Continuiamo con la spiegazione di una delle poesie più famose - come ben sapete - di Leopardi. Il componimento accoglie la tradizione teocritea degli idilli, immagini poetiche dall'estensione contenuta, viste da una prospettiva frammentaria e scorciata. Il valore estetico di tali immagini risiede proprio in quell'ostacolo che, frapponendosi tra l'oggetto osservato e l'osservatore, impedisce la descrizione oggettiva del fenomeno e apre così le porte all'immaginazione più selvaggia, indomita e incontaminata dalle categorie del pensiero razionale. Leopardi, nella situazione narrativa, non può vedere l'orizzonte se non per i piccoli buchi che le frasche della siepe gli concedono: può pertanto indugiare in una descrizione anti-naturalistica, che rievoca echi di infinito e silenzi assordanti e che gli permette di sfoderare il suo linguaggio metafisico e trascendentale.
La metrica dell'Infinito
Un'ultima nota di carattere generale: una nota metrico-stilistica.
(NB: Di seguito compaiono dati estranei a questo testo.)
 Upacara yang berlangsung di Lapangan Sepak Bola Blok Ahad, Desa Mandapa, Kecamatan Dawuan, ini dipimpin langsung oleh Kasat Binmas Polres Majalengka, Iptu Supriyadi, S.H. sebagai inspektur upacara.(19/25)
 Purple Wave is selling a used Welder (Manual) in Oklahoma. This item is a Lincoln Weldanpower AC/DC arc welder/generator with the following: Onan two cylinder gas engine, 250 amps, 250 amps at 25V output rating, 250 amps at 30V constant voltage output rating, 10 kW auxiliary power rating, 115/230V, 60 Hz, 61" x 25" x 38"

Leopardi lavora in direzione di un più compiuto e nobilitato verso libero sciolto dai vincoli della rima, della metrica a maglie strette e da clausole cristallizzate. Non a caso il poeta viene generalmente ricordato come l'ideale apripista di una nuova scuola lirica che prediligerà un versificare più spontaneo e di uno stile nuovo, niente affatto grezzo - come un radicato luogo comune sul Romanticismo vorrebbe - ma piuttosto variegato, flessibile e conforme alla materia poetica (sulla stessa lunghezza d'onda dei trascendentalisti d'oltreoceano che, poco più tardi, avrebbero concepito la teoria organicistica per la quale lo stile, proprio come un essere vivente in simbiosi con il suo contenuto, assumerebbe di volta in volta la forma in assoluto più adatta a rappresentare il contenuto; il letterato si deve quindi concentrare sulla materia poetica anziché sulla forma: quella poi verrà da sé. Guai a chi si perde in compiaciuti virtuosismi, giochetti retorici, innovazioni metriche fini a se stesse e per nulla genuine!).
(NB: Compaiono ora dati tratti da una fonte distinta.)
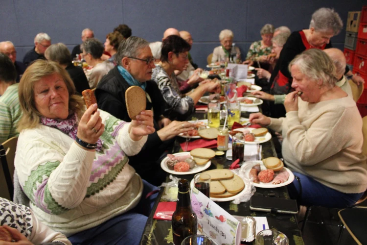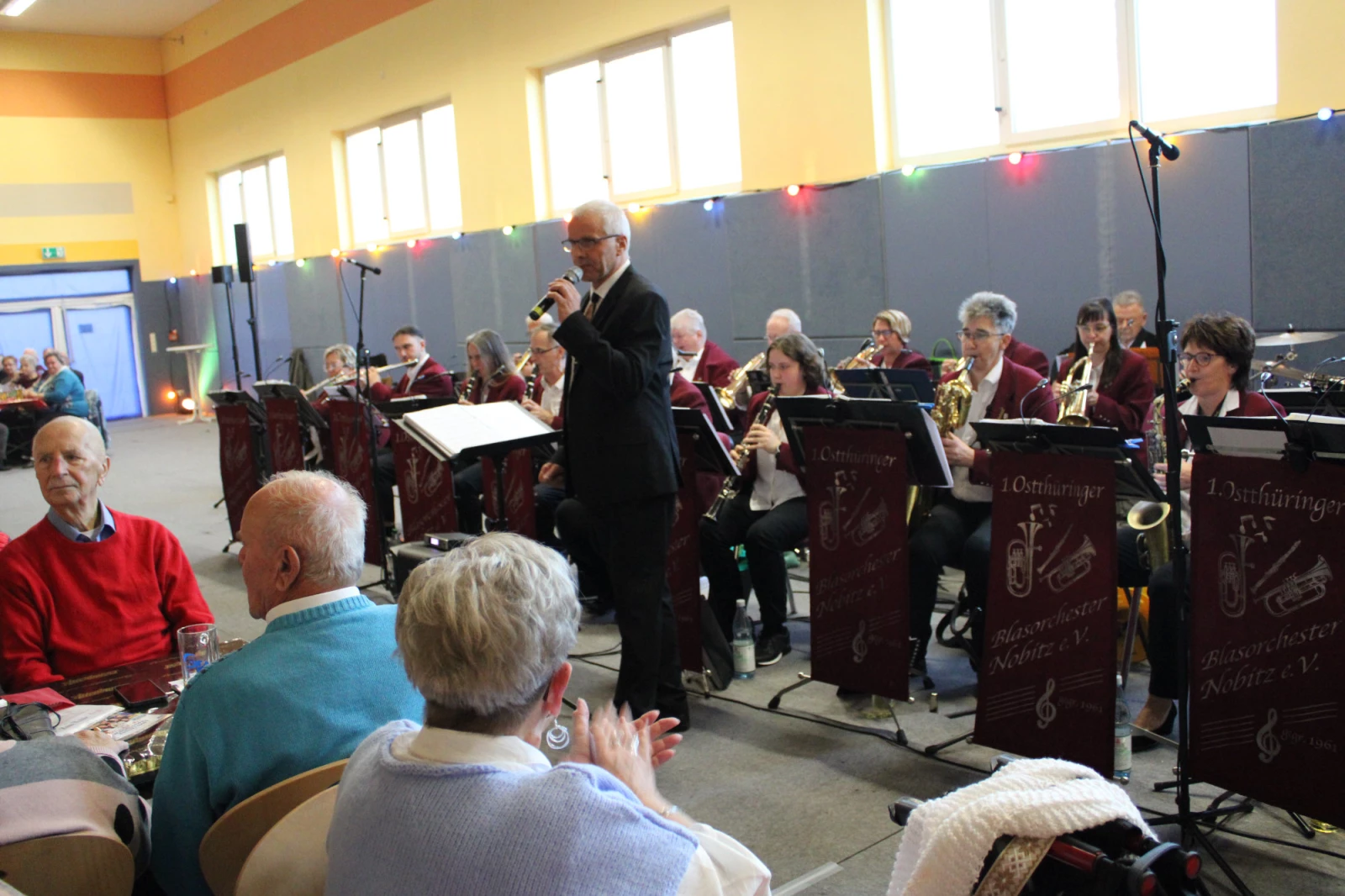 Am Sonnabend, 22.11.25, freuten sich bis zu 370 Gäste des traditionellen „Schlachtfestes mit Musik“ über Gesangs- und Instrumentaldarbietungen des 1. Ostthüringer Blasorchesters Nobitz e.V. unter Leitung von Orchesterchef, Sänger und Saxophonist Maik Gräfe. Der Original-Wildecker Herzbube Wolfgang Schwalm und Wolfgang Petry-Double Frank Thärichen bereicherten zudem stimmungsvoll den Lieder- und Melodienreigen. Zwischenzeitlich servierten ganz beschaulich Hobby-Almkellner(-innen) in Trachten Getränke – und die genüsslichen Schlachtplatten! Erika aus Grimma tönte sofort los: „Würste und Hackfleisch schmecken paradiesisch gut. Wir kommen wieder!“ Nun lädt das Nobitzer Blasorchester vorerst zum Weihnachtskonzert am 7. Dezember 2025 von 16.00 bis 17.15 Uhr in die Dorfkirche Nobitz ein.
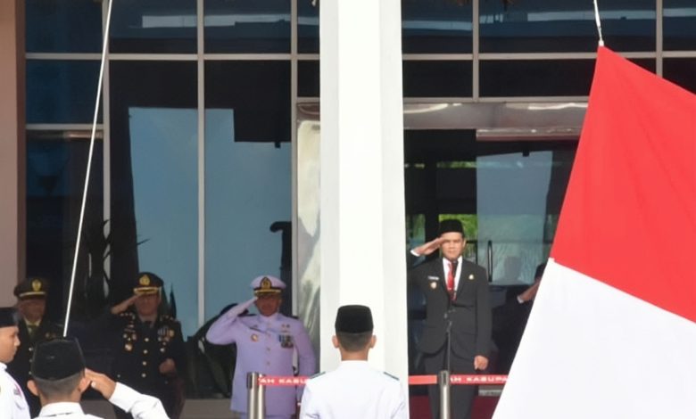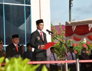 Bupati Nunukan H. Irwan Sabri selaku inspektur upacara, membacakan secara langsung sambutan Menteri Pendidikan Dasar dan Menengah Republik Indonesa, Abdul Mu’ti.
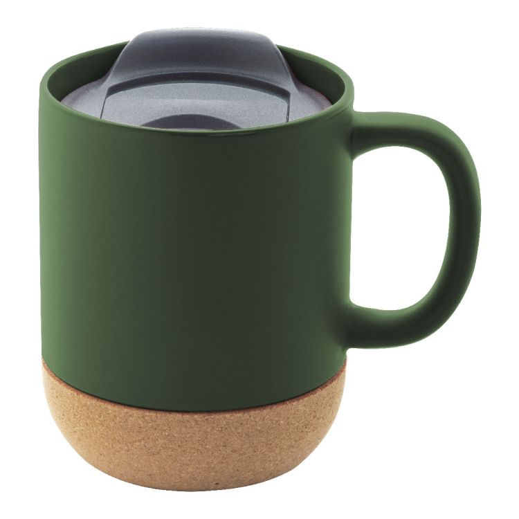 Taza de cerámica de alta calidad con base de corcho natural y tapa para beber de plástico PP. Con acabado exterior mate e interior brillante. 325 ml. En caja de papel kraft.
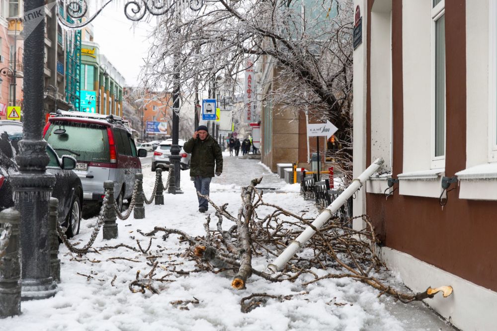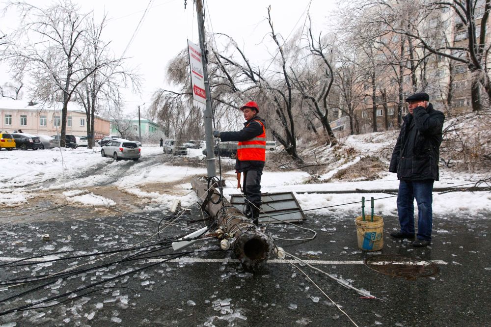 گروه عکس الف، 3990903026طوفان و یخبندان گسترده که شهر "ولادیوستوک" در شرق روسیه را دربرگرفته، باعث شده است هزاران نفر از ساکنان این شهر، روزها را بدون آب و برق سپری کنند و در این منطقه وضعیت اضطراری اعلام شود. کاهش کمسابقه دمای هوا در این منطقه باعث شکسته شدن درختان و از کار افتادن خطوط انتقال برق شده است.
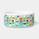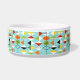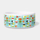 This Retro Harlequin Pattern Ceramic Dog Bowl is mid century modern style at its finest. The vintage inspired design features an aqua background with rows of triangular shapes forming a harlequin pattern. The two-toned diamond shapes are yellow, white, red, orange, black, green, and white with black accents. But wait, there’s more! There are also orange ovals, green ovals with black starbursts, and outlines of black diamonds. Time marches on, but you’ll feel like you’ve found a kitschy blast from the past with this colorful geometric treasure.
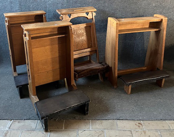 - Katalog-Nr: 694Drei Gebetsbänke und ein Gebetsstuhl. Deutsch 20. Jh. Massiv Eiche, H=85 bis 91 cm. b >>> Diese Los Nr. kann am Fr., den 10.04.26 (10.00 h bis 12.00 h) in unserem Depot in Mannheim abgeholt werden.o.L.
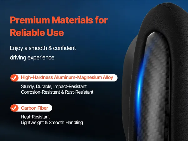 Ons stuurwiel van koolstofvezel is gemaakt van een zeer sterke aluminium-magnesiumlegering en is robuust, duurzaam, slagvast en corrosiebestendig. Het koolstofvezelmateriaal is hittebestendig en licht van gewicht, wat de wegligging verbetert en de rijveiligheid verhoogt.
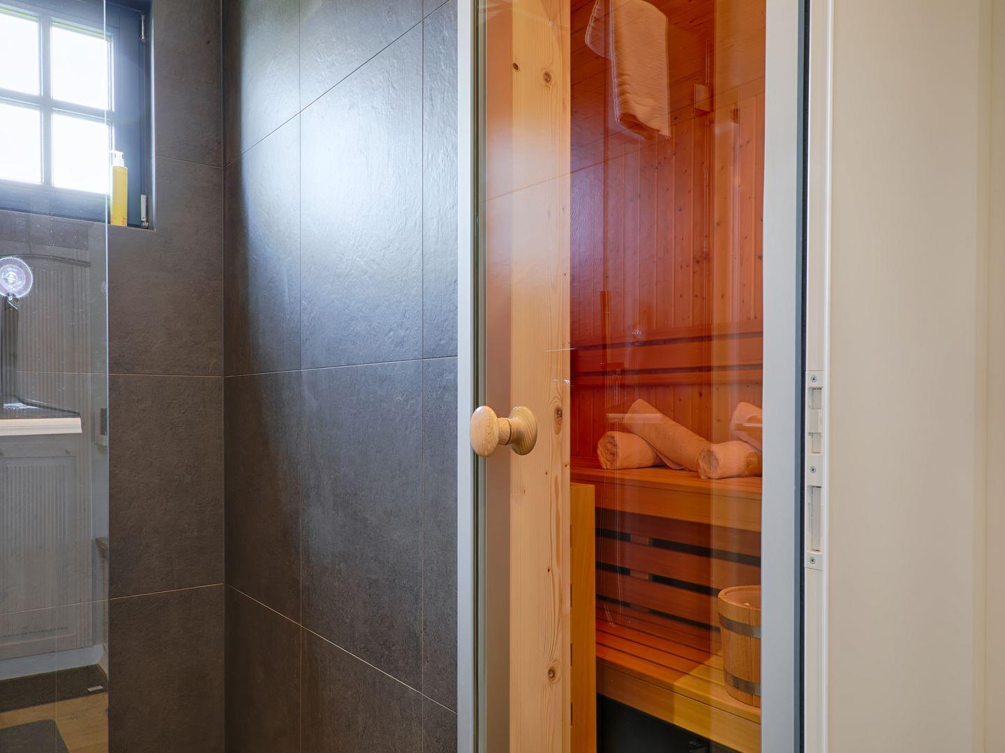 Freuen Sie sich in dieser luxuriösen Villa auf ein Frühstück auf der privaten Terrasse, einen gemütlichen Kaminabend und einen entspannten Saunabesuch in der hauseigenen Sauna mit Duschbad. Das Haus verfügt über eine 2. Terrasse mit Südausrichtung und freiem Blick auf den Bodden. Ein großzügiger Wohnraum kombiniert das Wohnzimmer mit Kamin, LCD-Flachbildschirm inklusive Sky und DAZN, DVD-Player und Stereo-Anlage mit dem Essbereich und einer Qualitätsküche. Diese ist voll eingerichtet und bietet einen Geschirrspüler, einen Backofen, ein Kochfeld, eine Mikrowelle, einen Kaffeevollautomat, einen Wasserkocher und einen Toaster. Drei Schlafzimmer, eines mit großem Doppelbett, eins mit einem Doppelbett sowie eins mit einem Einzelbett, verfügen zusätzlich über genügend Verstaumöglichkeiten. Im Masterbedroom komplettiert ein extra Beistelltisch mit 2 Sesseln das Interieur. Das Vollbad überzeugt mit einer Badewanne, einer geräumigen Dusche, einem Waschbecken, einem WC und einem großen Spiegel. Zusätzlich gibt es ein Gäste-WC und eine Waschmaschine sowie einen Trockner.

Anche se nel componimento il verso è ancora l'endecasillabo, il ritmo si fa via via meno regolare e cadenzato perché gli accenti hanno via via sede meno fissa o predicibile, oltre che per la totale mancanza di rime perfette e assonanze. Ciò non significa che il tessuto fonico sia povero, la forma sciatta e il ritmo prosaico e meramente sintattico! Attraverso un uso massiccio di enjambement, allitterazioni e anastrofi la cesellatura delle frasi è indiscutibilmente ricercata e preziosa, tanto che nessun lettore (moderno o storico) ha difficoltà a riconoscere che L'infinito è una poesia e non un pezzo di prosa.
Approfondisci: leggi i nostri riassunti di letteratura per prepararti in vista delle interrogazioni
Qui termina la nostra parafrasi e spiegazione della poesia L'infinito di Giacomo Leopardi: state certi che basta per un bel tema o un'interrogazione fatta come si deve. In bocca al lupo!